Bady joins the Bucs after a dominant season for the York College men's team. He was named the Capital Athletic Conference Player of the Year after leading the league in scoring and finishing in the top 10 in rebounding, blocked shots, free-throw percentage, field-goal percentage and assists. 

Bennett averaged 12.8 points per game for a Penn State York squad that won its conference championship a season ago. 

Both players plan to finish their degrees while playing for the Bucs and preparing to play overseas professionally next season. Bennett said he had offers from two teams in Portugal but wanted to earn his business degree first, while Bady is excited to learn from the opportunity he had at some exposure camps this year.

Bowie believes Bady and Bennett will have a big impact on the team despite the fast-paced playing style in the ABA.

“They’re going to hit some road blocks because it’s kind of like a rookie season,” Bowie said. “They got a lot of experience, but the levels are different. I tell these guys all the time, ‘There’s levels to this,’ but they got it. I believe them guys got what it takes to play on this level and even take it to the next level.” 

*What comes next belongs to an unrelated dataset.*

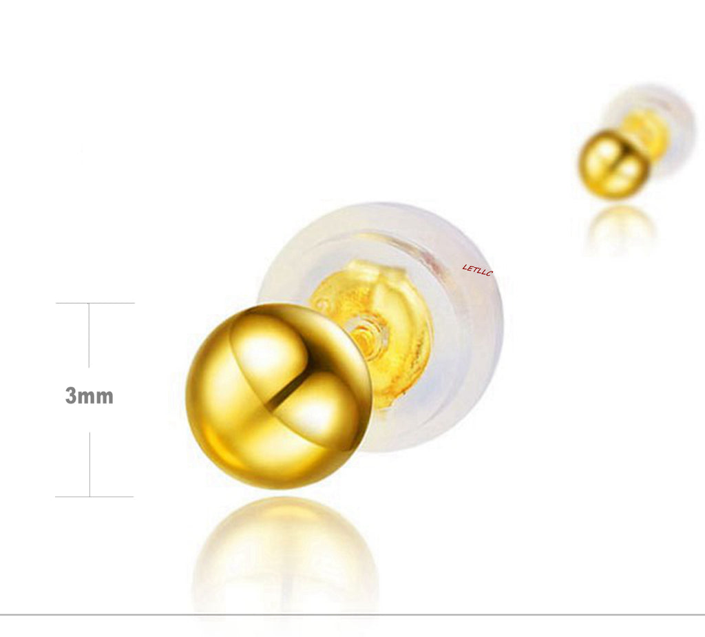 18K Yellow Gold Ball stud Earrings Women Men Unisex 3mm or 4mm

The Bucs’ captain: One player who is key to recruiting local players to the Bucs is Darian Doleman. The 6-foot-8 graduate of York Suburban has been with the York team since its start, minus a stint in a professional league in Mexico.

His role on the team is playing center now, but Doleman doesn’t see his passion for the organization ending even when his time on the court does. 

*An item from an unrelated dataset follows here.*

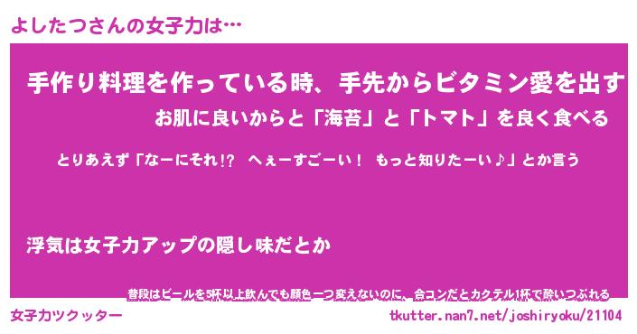 | ヘコむあだ名 | 『よしにー』『なまこ酢』『よし太郎』 |

“As long as I am in York, there will be York Bucs (basketball),” Doleman said. “I am going to play until I can’t anymore, and then I am going to coach, be a recruiter or be in the stands. You will see me with a York Bucs jersey on.” 

Doleman serves a recruiter now while playing, and Bady is one of the players he brought on this season. Another new face for the Bucs is someone that has been beating them for a few seasons. 

A grand homecoming: Kelvin Parker, a 6-foot-4 York High graduate,   who attended NCAA Division I Mount St. Mary’s University before transferring to Millersville University, has experience in the ABA with the DMV Warriors. The Warriors were one of the ABA’s top teams before moving to a new semi-professional league prior to this season.

Parker is excited to be back playing in his hometown, but like other players, battles the balance between working and basketball. He works during the day and then practices from 9 p.m. to 11 p.m. and has to mentally prepare to give the effort required to keep his professional basketball hopes alive. 

“Late practices are rough, because everyone is tired,” Parker said. “You just gotta come in and get prepared to work (and give) 100% all the time.” 

Ready to begin: With training camp over, new jerseys  handed out and the players  excited to get on the court, Bowie is ready to get the season started. The chance for the athletes to prove they belong in professional basketball is there, now it’s up to them to make it happen.

“I am anxious to see what these guys do and see all the hard work pay off,” Bowie said. “At the end of the day, they put in the work. The time is here now.”